Let $\vec{w} = \vec{u} \times \vec{v}$ be their cross product:

\vec{w} = | \begin{matrix} \hat{i} & \hat{j} & \hat{k} \\ u_{x} & u_{y} & u_{z} \\ v_{x} & v_{y} & v_{z} \end{matrix} |

= (u_{y} v_{z} - u_{s} z v_{y}, u_{z} v_{x} - u_{x} v_{z}, u_{x} v_{y} - u_{y} v_{x})

.

The cross product is perpendicular to both of factors, $\vec{u}$ and $\vec{v}$ , as can be verified by taking dot products:

\vec{u} \cdot \vec{w} = u_{x} (u_{y} v_{z} - u_{z} v_{y}) + u_{y} (u_{z} v_{x} - u_{x} v_{z}) + u_{z} (u_{x} v_{y} - u_{y} v_{x})

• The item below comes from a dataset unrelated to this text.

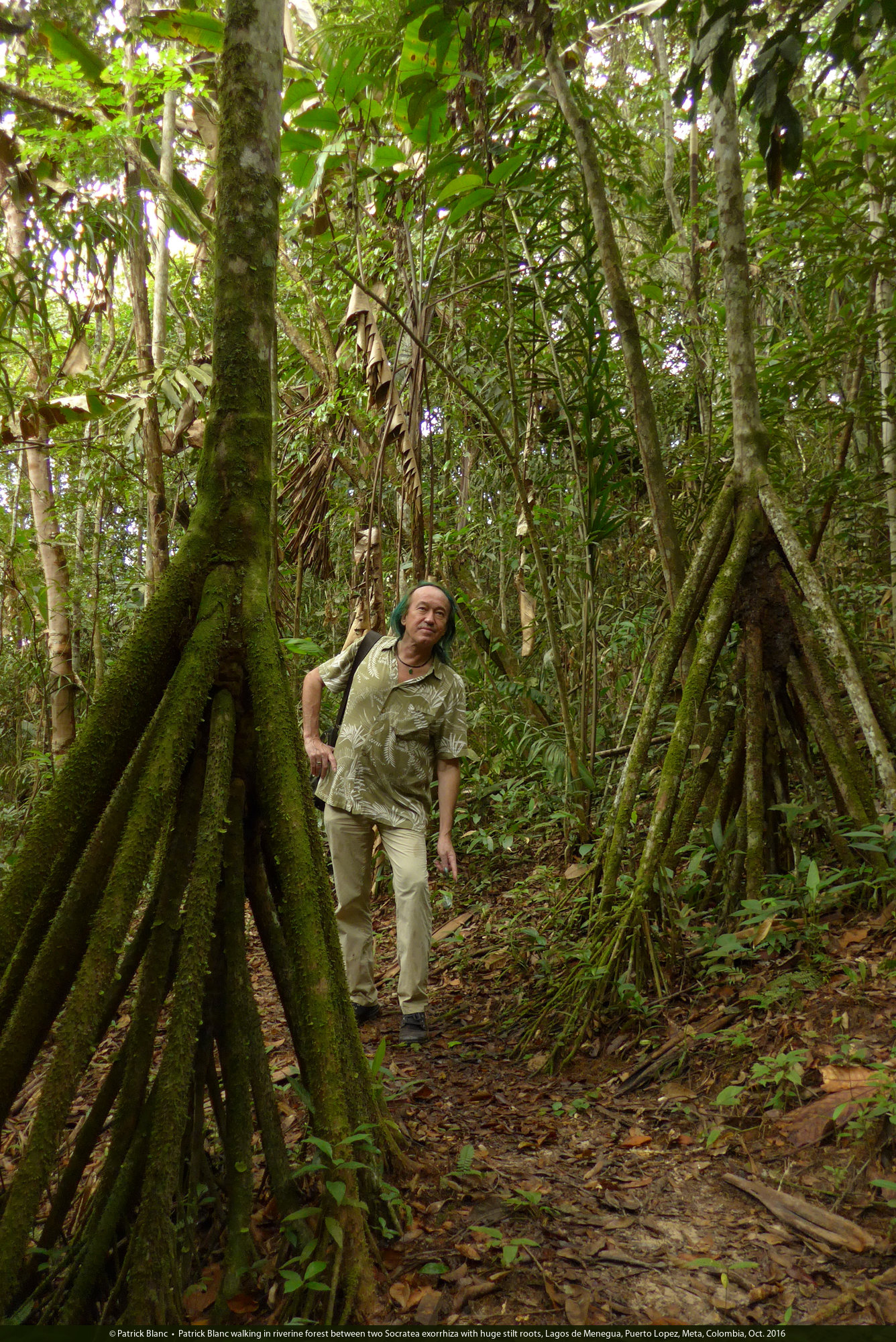 Patrick Blanc walking in riverine forest between two Socratea exorrhiza with huge stilt roots, Lagos de Menegua, Puerto Lopez, Meta, Colombia, Oct. 2016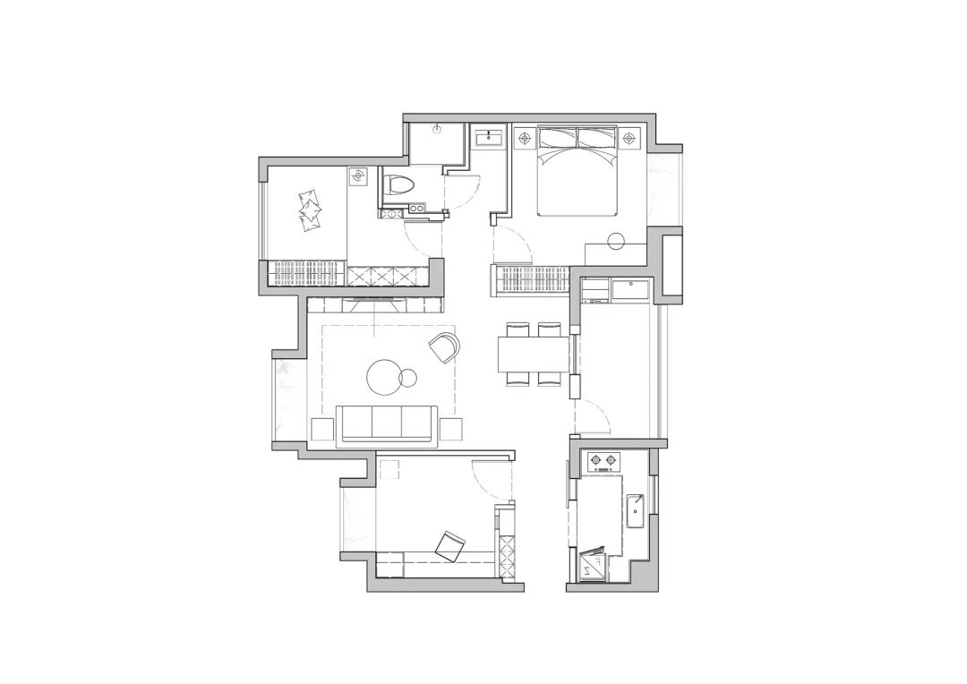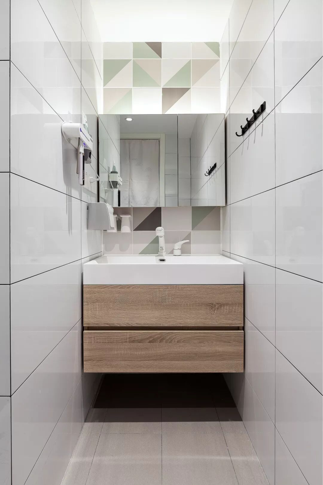 ▲小户型只有一个卫生间,洗手盆设在过道区域,避免早上洗漱与如厕时的使用冲突,提升卫浴效率。

= u_{x} u_{y} v_{z} - u_{x} u_{z} v_{y} + u_{y} u_{z} v_{x} - u_{y} u_{x} v_{z} + u_{z} u_{x} v_{y} - u_{z} u_{y} v_{x} = 0

Assuming that both $\vec{u}$ and $\vec{v}$ are non-zero in length then the cosine of the angle between them yields 0; so the angle between them is a right angle; so $\vec{u}$ and $\vec{w}$ are perpendicular; i.e., $\vec{u}$ and $\vec{u} \times \vec{v}$ are perpendicular. [But the geometric interpretation for the 3D case has not been shown yet; would not this claim be circular then?]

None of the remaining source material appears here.